For reasons I can’t recall I was rereading my quantum text last night (Ballentine). After presenting the coordinate representation of Schrodinger’s wave equation (eq. 4.4) (presuming the absence of a magnetic field):
Ballentine writes the following:
“Because (4.4) has the mathematical form of a wave equation, it is very tempting to interpret the wave equation as a physical field or “wave”…Moreover, it may seem plausible to assume that a wave field is associated with a particle, and even that a particle may be identified with a wave packet solution of (4.4). To forestall such misinterpretations…”
Whoops. I’ve been finding out that I have a lot of such misconceptions about quantum mechanics (and much else) and perhaps this is another one. Ballentine’s basic argument is that if you look at a system of N particles you obtain a single wave function describing the entire system, not N separate wave functions. The confusion, he claims, arises because for a single particle we can identify the three spatial dimensions the particle moves in with the three dimensional configuration space its ‘trajectory’ lies in. However for a system of N particles, those particles still ‘move’ in three spatial dimensions but the system’s ‘trajectory’ lies in a 3N dimensional configuration space.

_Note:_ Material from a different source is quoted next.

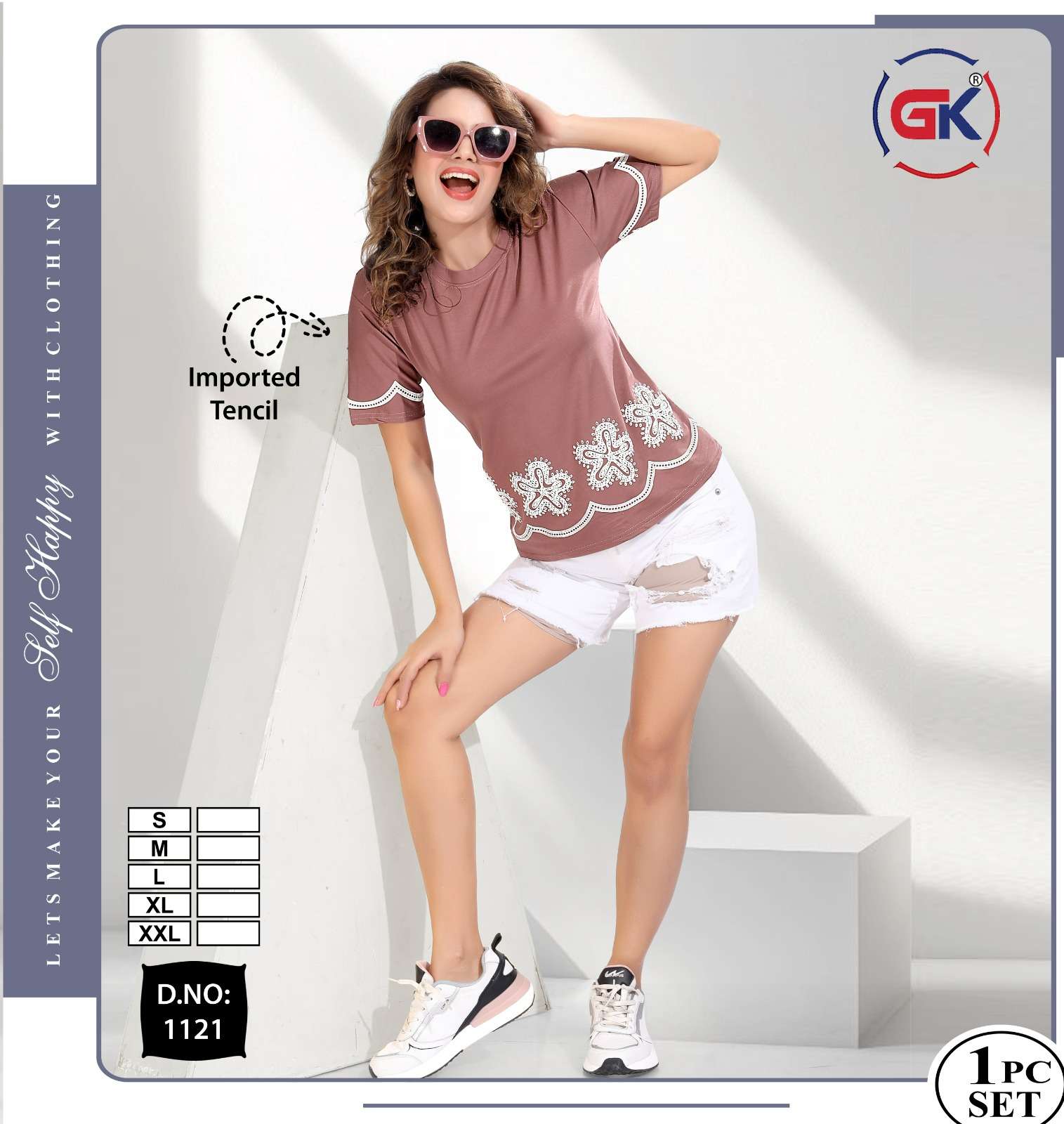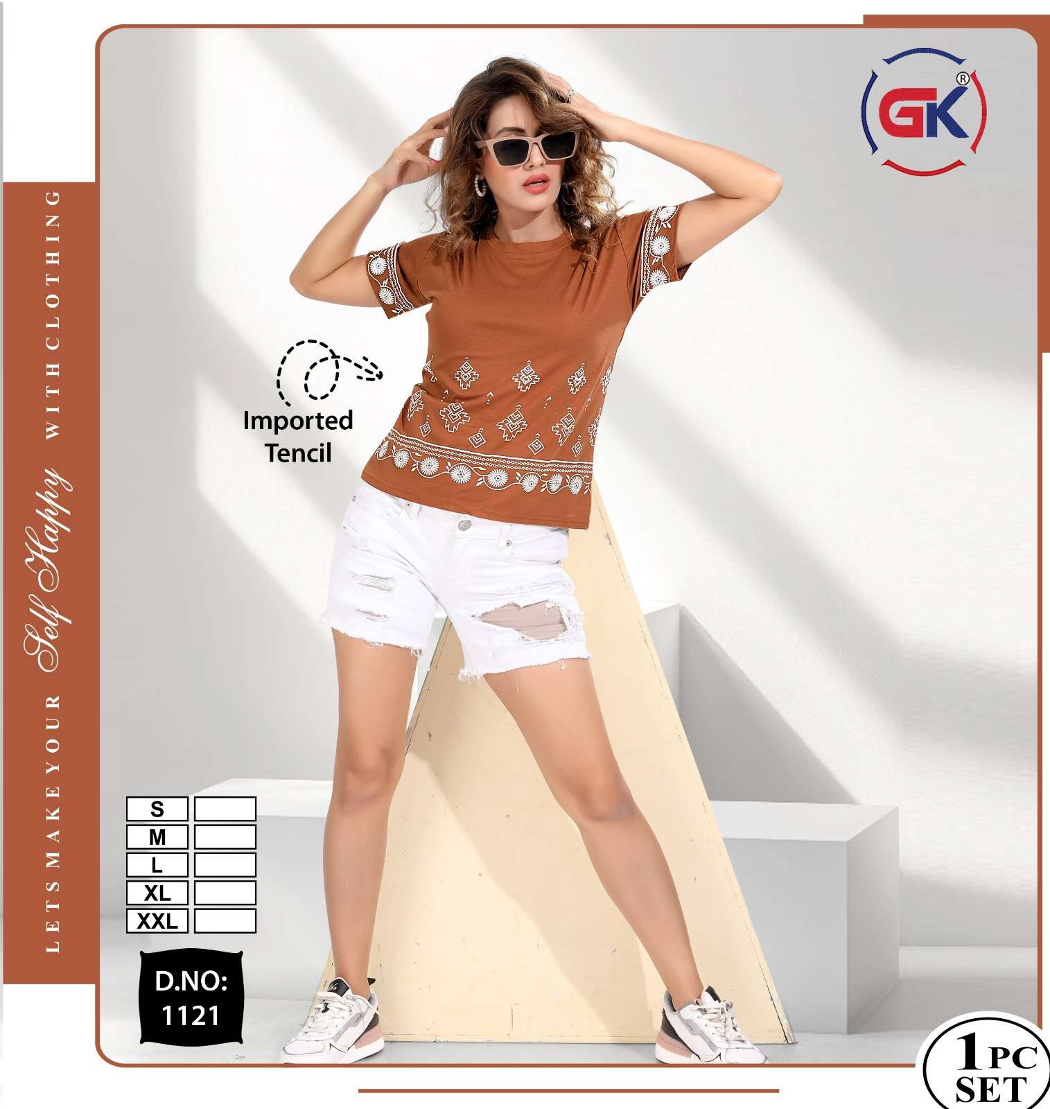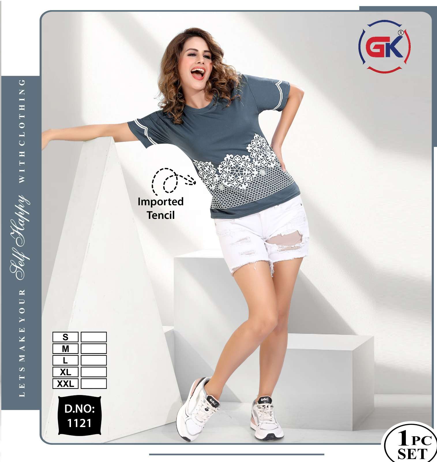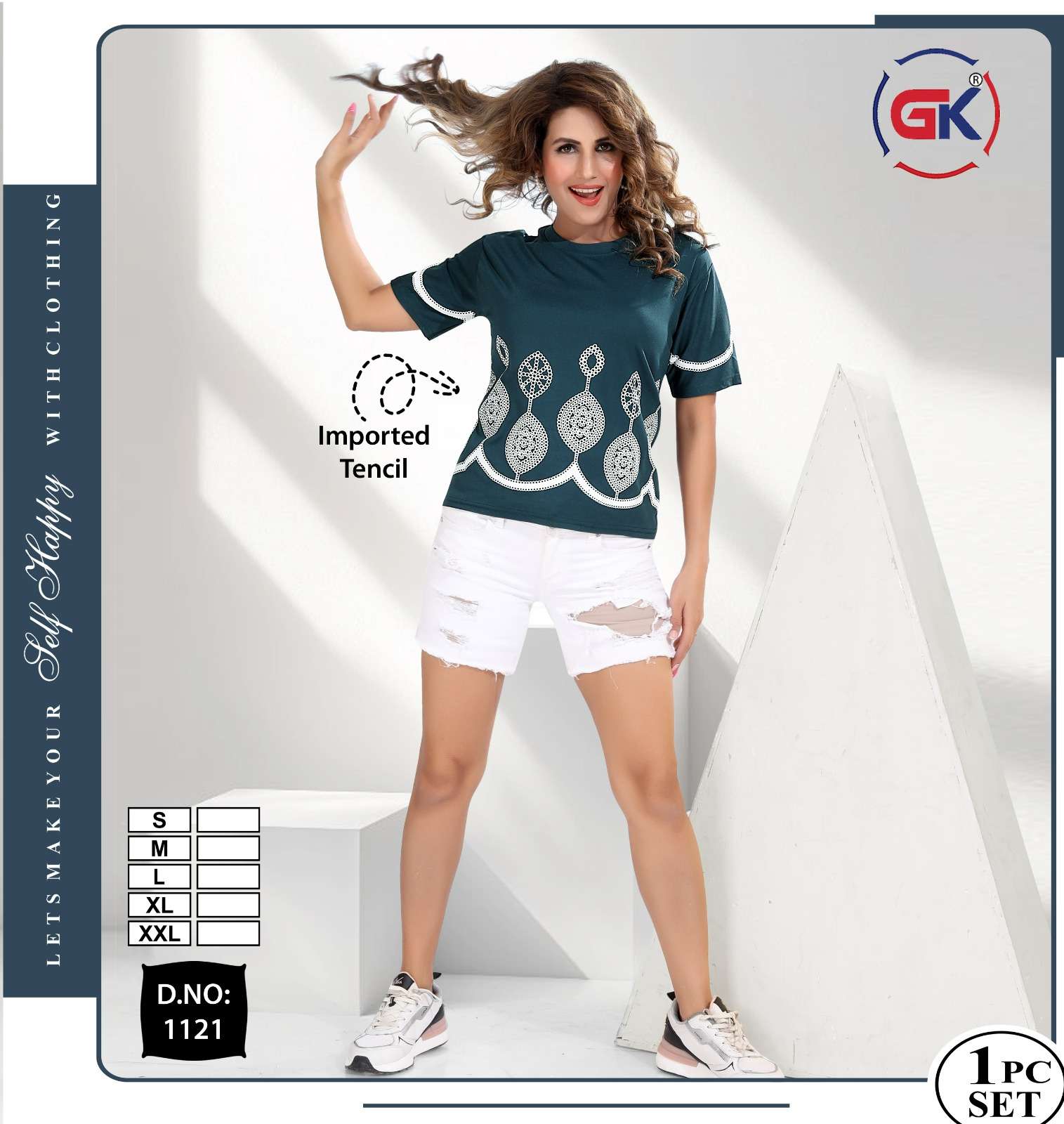 Buy Online GK 1121 SUMMER FASHION DAILY WEAR WOMEN T SHIRT COLLECTION SUPPLIER 8 Pcs of Full Catalogue at Wholesale Price. Looking for GK 1121 SUMMER FASHION DAILY WEAR WOMEN T SHIRT COLLECTION SUPPLIER Full Catalouge at Best Price? Buy Now GK 1121 SUMMER FASHION DAILY WEAR WOMEN T SHIRT COLLECTION SUPPLIER at Wholesale Rate of Rs 2600 with Total 8 Pcs from authroized dealer and supplier of FF Brand. Cost of Each piece is just only Rs 325 which is very low and affordable price to resale the product in your retail store Ethnic Export is Surat based Wholesale Supplier & Dealer of FF Brand. Click on Brand name to Know more about FF Brand's products.Call or Whatsapp on +91-9825759366 for booking or enquiry
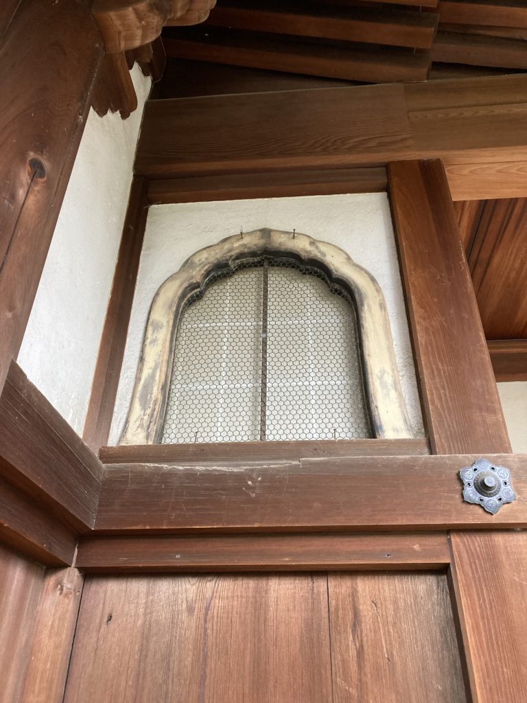 本堂の花頭窓です。主に日本の寺社建築に多くみられる窓で、昔は火灯窓と書いていましたが木造建築に「火」の文字が縁起が悪いということで花頭窓と書くようになったとか。

This suggests to me that when we are learning or teaching quantum we should be careful. Its common to ‘sketch’ wave functions for messy potentials in 1D to build some intuition. We can relate aspects of the wave function (its wavelength) to the energy and momentum of the particle for example. But would the wavelength of the wave function of the N particle system mean? I’m not sure at the moment.
Something to ponder (and hopefully resolve else this blog becomes little but a list of my own shortcomings)